In turn, the market rallied with the S&P 500 and Nasdaq closing at their highest levels in 14 months, Reuters reported. However, global stocks pointed lower early on June 19 as investors await Powell’s two days of Congressional testimony this week. Both The New York Stock Exchange and the Nasdaq Stock Market are closed for Juneteenth.
CNN reported that on June 16 Fed Governor Christopher Waller and Richmond Fed President Thomas Barkin said that additional rate increases would be necessary to bring inflation down to the central bank’s 2% target.
“We’re seeing policy rates having some effects on parts of the economy. The labor market is still strong, but core-kind of inflation is just not moving and that’s going to require probably some more tightening to try to get that going down,” Waller said in a moderated discussion hosted by the Norges Bank and the International Monetary Fund in Oslo, according to CNN.
In the FOMC projections material, officials note they anticipate two more increases this year — to as high as 5.6% — while also raising expectations for inflation. And in the press conference, Powell confirmed that Fed officials expect further tightening this year, as getting inflation back to the 2% target “has a long way to go.” He added that the decision to pause hikes is for “this meeting” only/ “We didn’t make any decision about going forward, including what would happen at the next meeting,” he said, according to the transcript, adding no decision had been made for the July meeting.

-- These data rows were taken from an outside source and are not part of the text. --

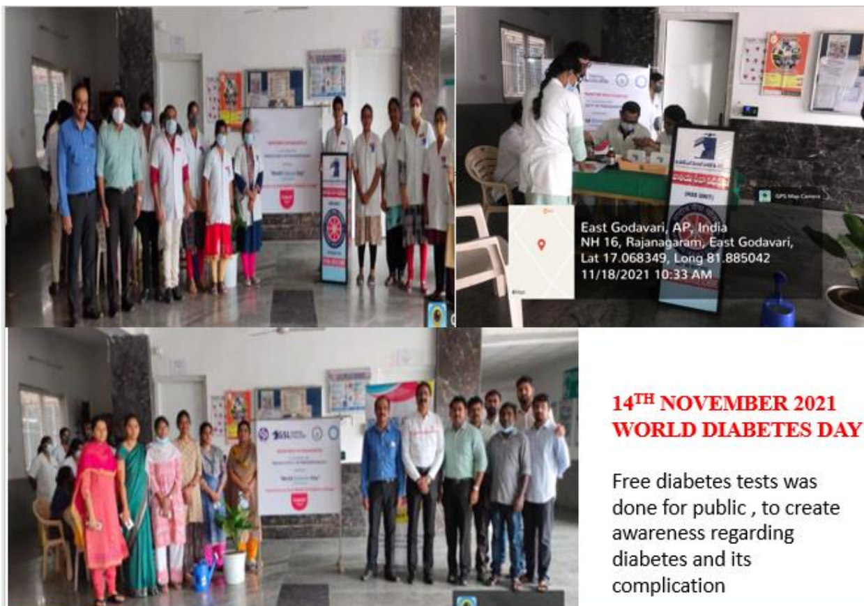
Fig 7 WORLD DIABETES DAY PROGRAM – NSS volunteers organized screening tests for 120 patients and assessed blood sugar levels.
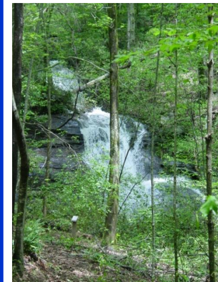
Waterfall on East Perimeter Trail

NOTE!! Entry into Greenville Watershed lands prohibited! Stay on trail—Adult leader or staff must be present.
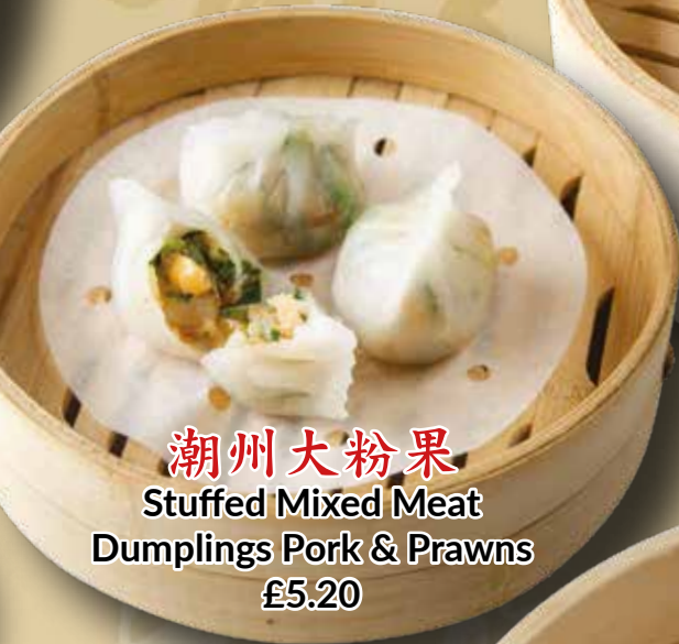
潮州大粉果 Stuffed Mixed Meat Dumplings Pork & Prawns £5.20
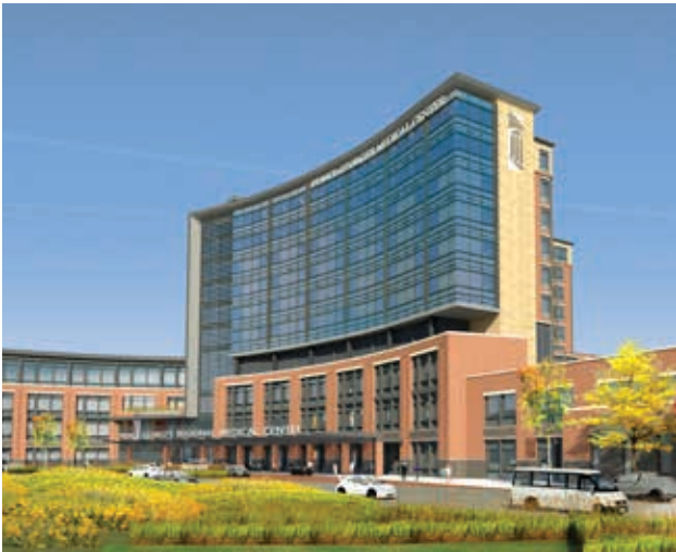
Prince George’s County Regional Medical Center
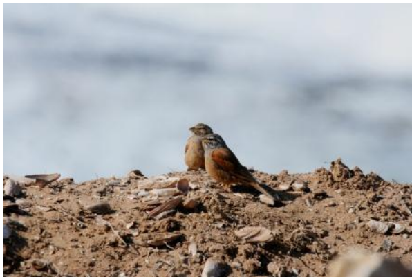
House Bunting, near Agadir

The last day was spent in Agadir, visiting the souk (quite a few House Buntings). Even at the airport, these birds were seen inside the building. Some reports mention the House Bunting as difficult to find, we found them everywhere!
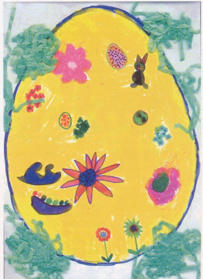
Giulia Eugster (7)

William J. Luther, director of the American Institute for Economic Research’s Sound Money Project and an associate professor of economics at Florida Atlantic University, said Fed officials seem intent on resuming rate hikes next month as they feel they have not done enough to tame inflation.
“The Fed’s concerns about core inflation appear to be overblown. Core inflation remains flat despite broader disinflationary pressure because housing prices are rising rapidly — or, more accurately, were increasing rapidly,” added Luther.
According to Luther, the disinflation process has begun — and will continue and further rate hikes seem unnecessary.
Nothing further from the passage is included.